*** Information
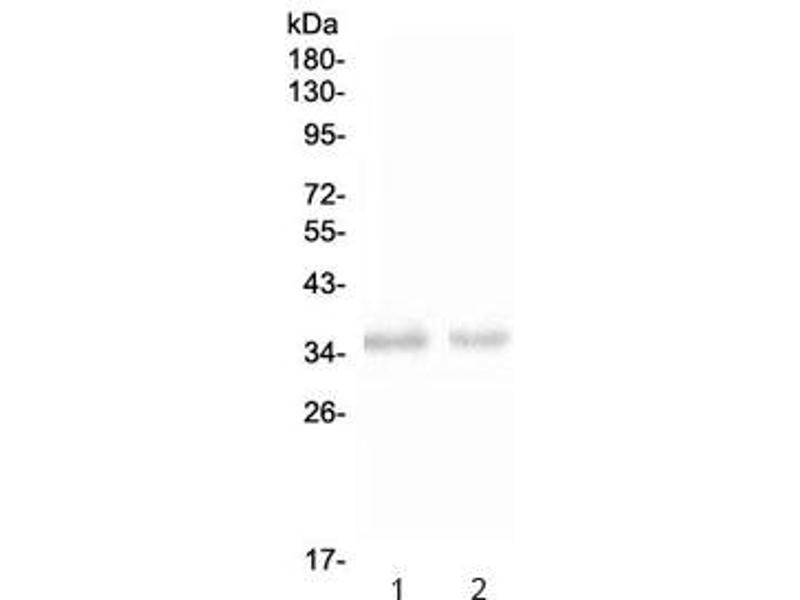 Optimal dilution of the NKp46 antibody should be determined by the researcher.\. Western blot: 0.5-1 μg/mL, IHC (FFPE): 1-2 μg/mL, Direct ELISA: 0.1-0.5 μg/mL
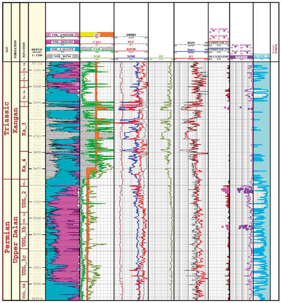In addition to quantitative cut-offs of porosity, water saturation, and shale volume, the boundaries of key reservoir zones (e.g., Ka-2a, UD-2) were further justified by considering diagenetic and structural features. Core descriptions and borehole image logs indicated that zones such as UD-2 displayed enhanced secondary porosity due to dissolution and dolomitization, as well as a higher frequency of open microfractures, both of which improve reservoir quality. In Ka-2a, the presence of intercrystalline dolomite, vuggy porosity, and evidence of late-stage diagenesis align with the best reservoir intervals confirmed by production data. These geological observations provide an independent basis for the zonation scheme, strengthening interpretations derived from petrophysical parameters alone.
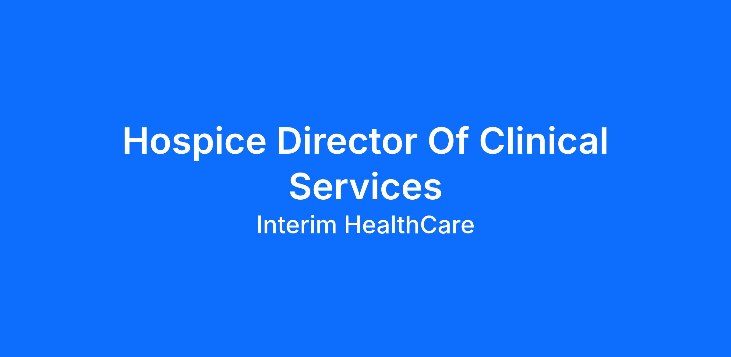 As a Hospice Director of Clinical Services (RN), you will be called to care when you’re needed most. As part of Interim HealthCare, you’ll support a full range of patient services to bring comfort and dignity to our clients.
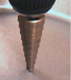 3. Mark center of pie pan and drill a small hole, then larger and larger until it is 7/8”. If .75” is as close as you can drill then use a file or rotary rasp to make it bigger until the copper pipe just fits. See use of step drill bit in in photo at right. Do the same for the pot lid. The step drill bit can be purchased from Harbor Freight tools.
******
*** Information
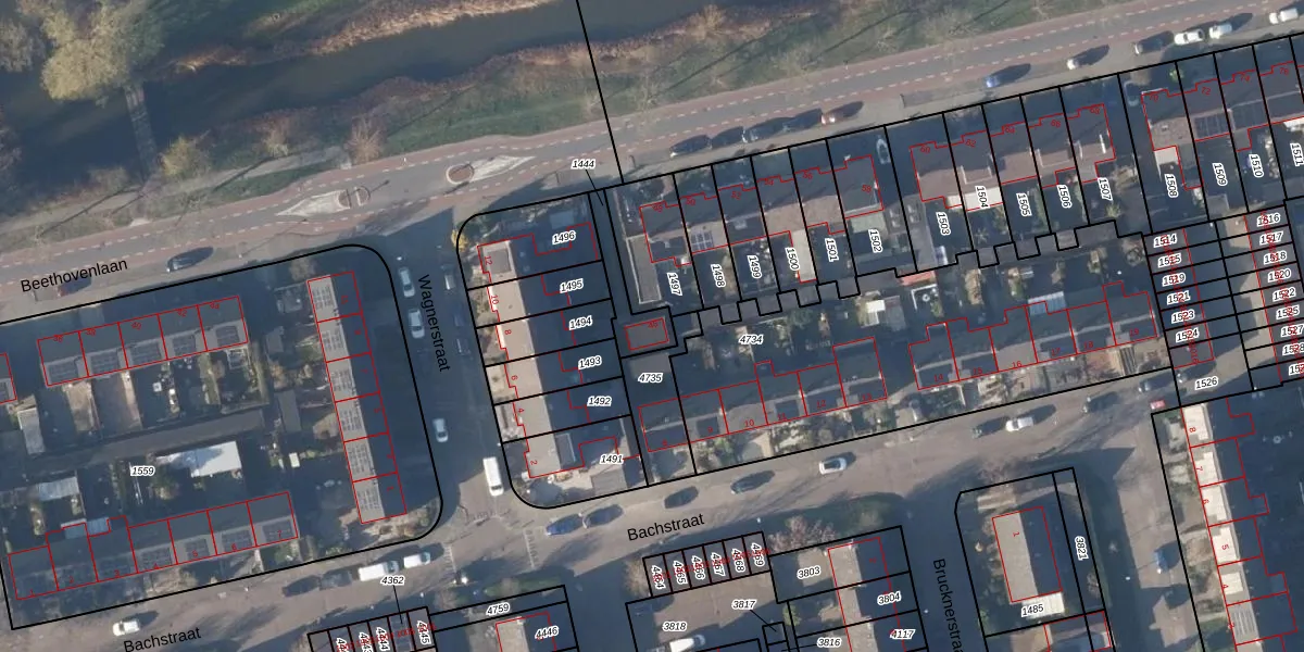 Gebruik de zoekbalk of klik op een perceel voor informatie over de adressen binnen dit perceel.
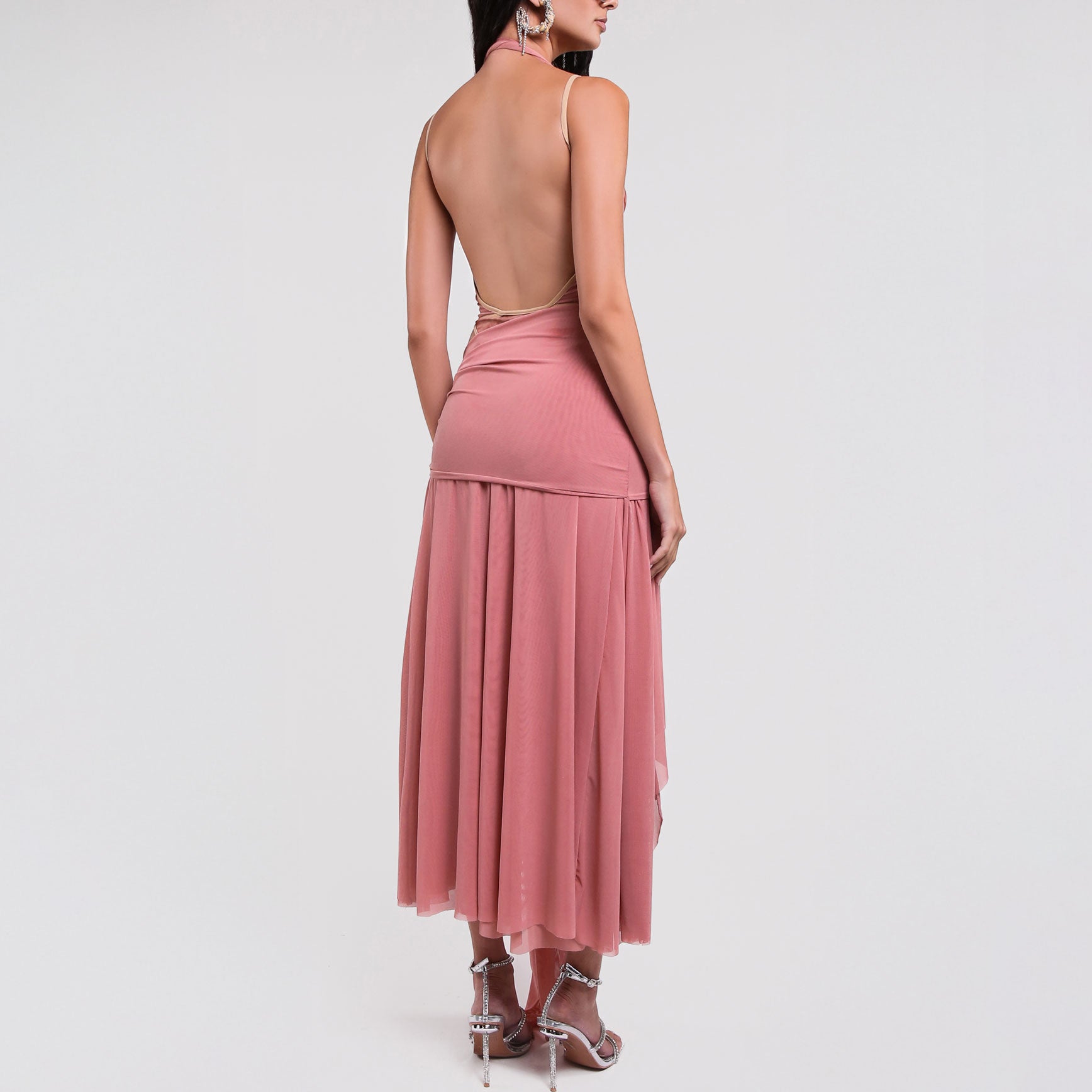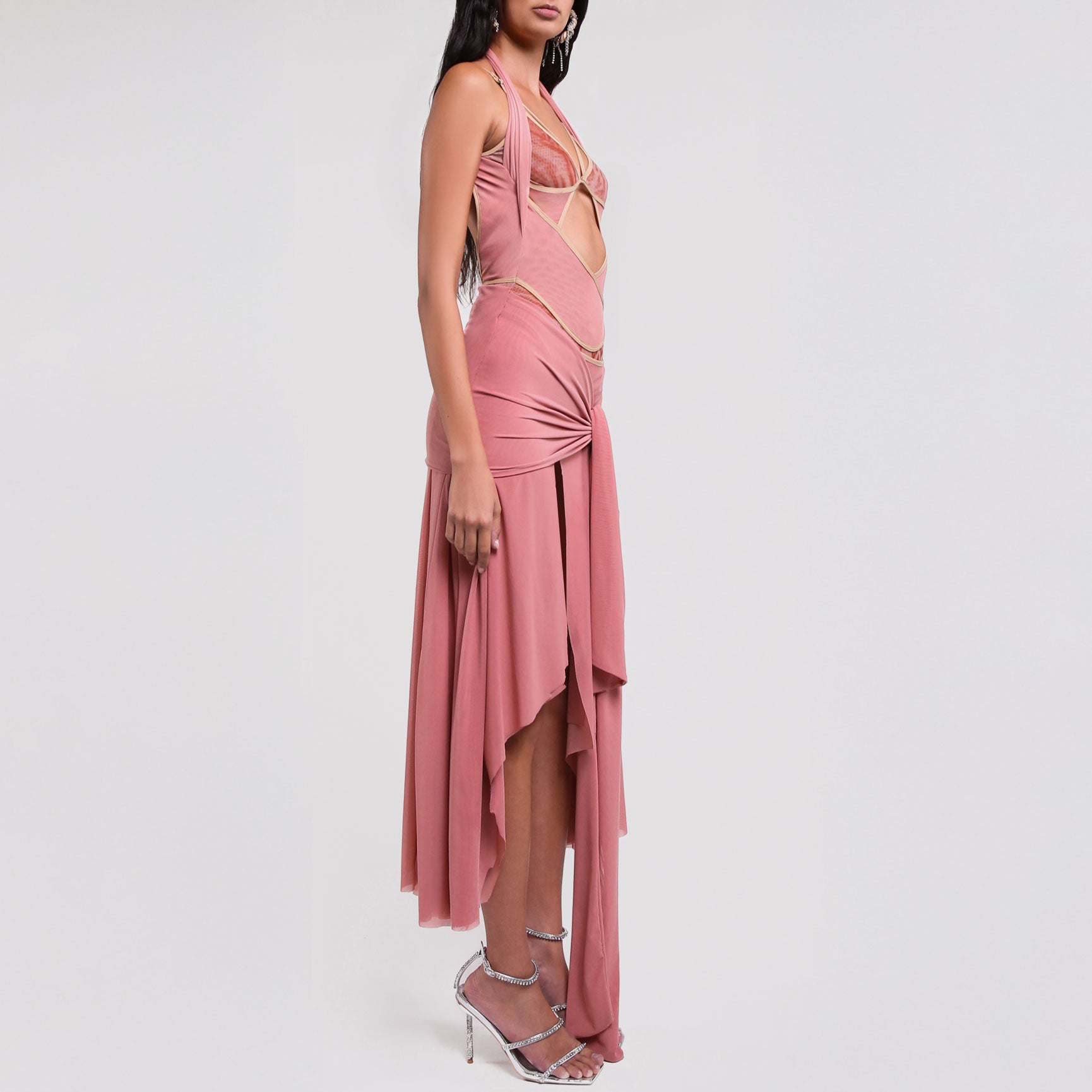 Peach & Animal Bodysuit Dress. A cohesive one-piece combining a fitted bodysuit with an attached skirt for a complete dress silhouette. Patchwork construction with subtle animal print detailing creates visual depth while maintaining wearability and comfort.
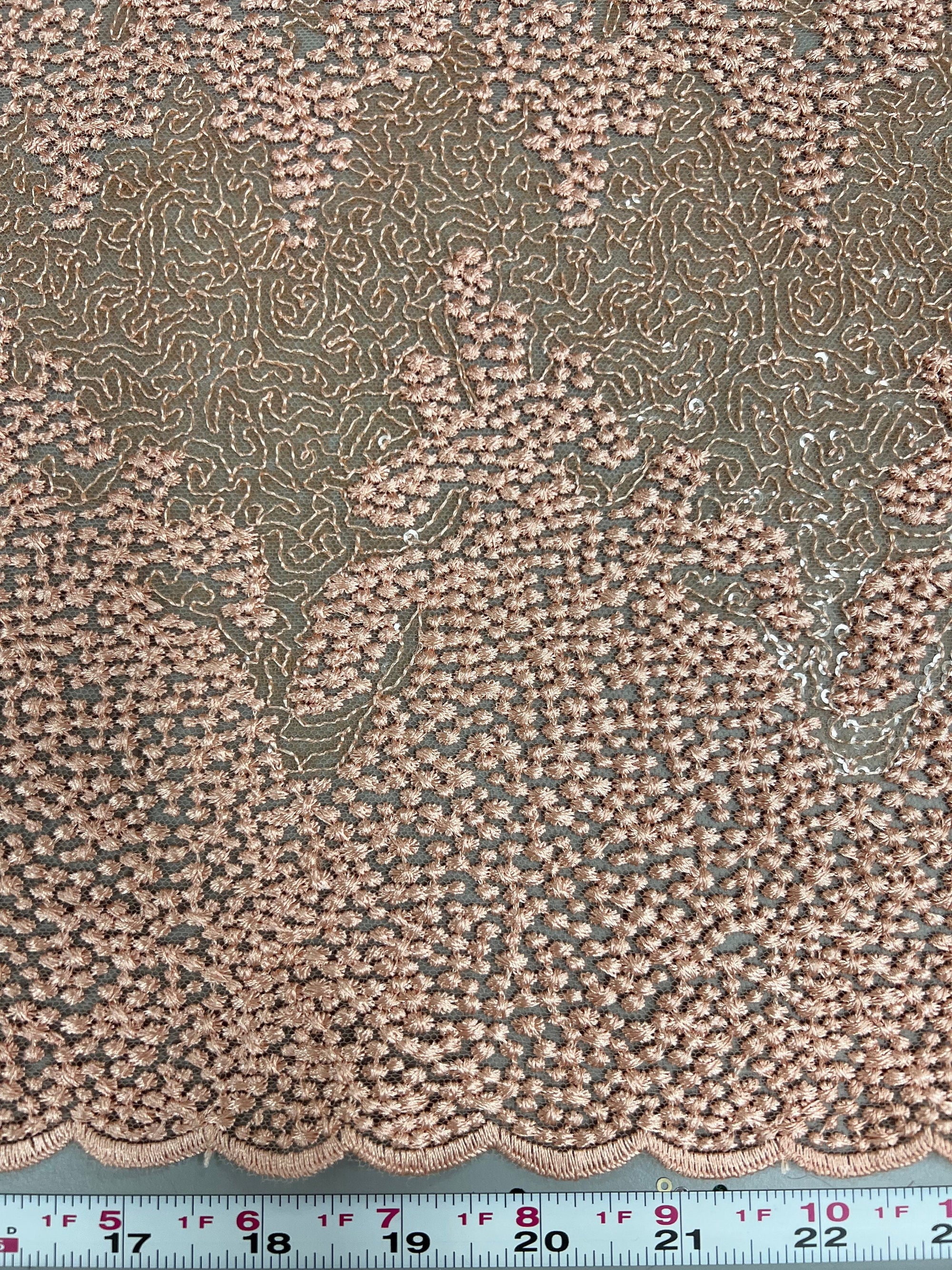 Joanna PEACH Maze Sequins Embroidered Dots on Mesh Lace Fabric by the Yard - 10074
******
*** Information
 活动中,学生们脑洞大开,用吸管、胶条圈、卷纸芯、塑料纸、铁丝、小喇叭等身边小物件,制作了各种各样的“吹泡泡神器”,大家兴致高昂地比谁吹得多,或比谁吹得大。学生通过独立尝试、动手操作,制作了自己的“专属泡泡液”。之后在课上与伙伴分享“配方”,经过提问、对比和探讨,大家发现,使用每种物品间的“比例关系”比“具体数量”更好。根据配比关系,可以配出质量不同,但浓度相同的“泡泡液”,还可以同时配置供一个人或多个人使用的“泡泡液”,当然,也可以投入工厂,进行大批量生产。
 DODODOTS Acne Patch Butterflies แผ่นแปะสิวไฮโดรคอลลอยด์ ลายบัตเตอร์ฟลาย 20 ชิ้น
******
Above are some records; copy exactly the lines from the one with "活动中,学生们脑洞大开,用吸" through the one with "DODODOTS Acne Patch", both included, and no others.

 活动中,学生们脑洞大开,用吸管、胶条圈、卷纸芯、塑料纸、铁丝、小喇叭等身边小物件,制作了各种各样的“吹泡泡神器”,大家兴致高昂地比谁吹得多,或比谁吹得大。学生通过独立尝试、动手操作,制作了自己的“专属泡泡液”。之后在课上与伙伴分享“配方”,经过提问、对比和探讨,大家发现,使用每种物品间的“比例关系”比“具体数量”更好。根据配比关系,可以配出质量不同,但浓度相同的“泡泡液”,还可以同时配置供一个人或多个人使用的“泡泡液”,当然,也可以投入工厂,进行大批量生产。
 DODODOTS Acne Patch Butterflies แผ่นแปะสิวไฮโดรคอลลอยด์ ลายบัตเตอร์ฟลาย 20 ชิ้น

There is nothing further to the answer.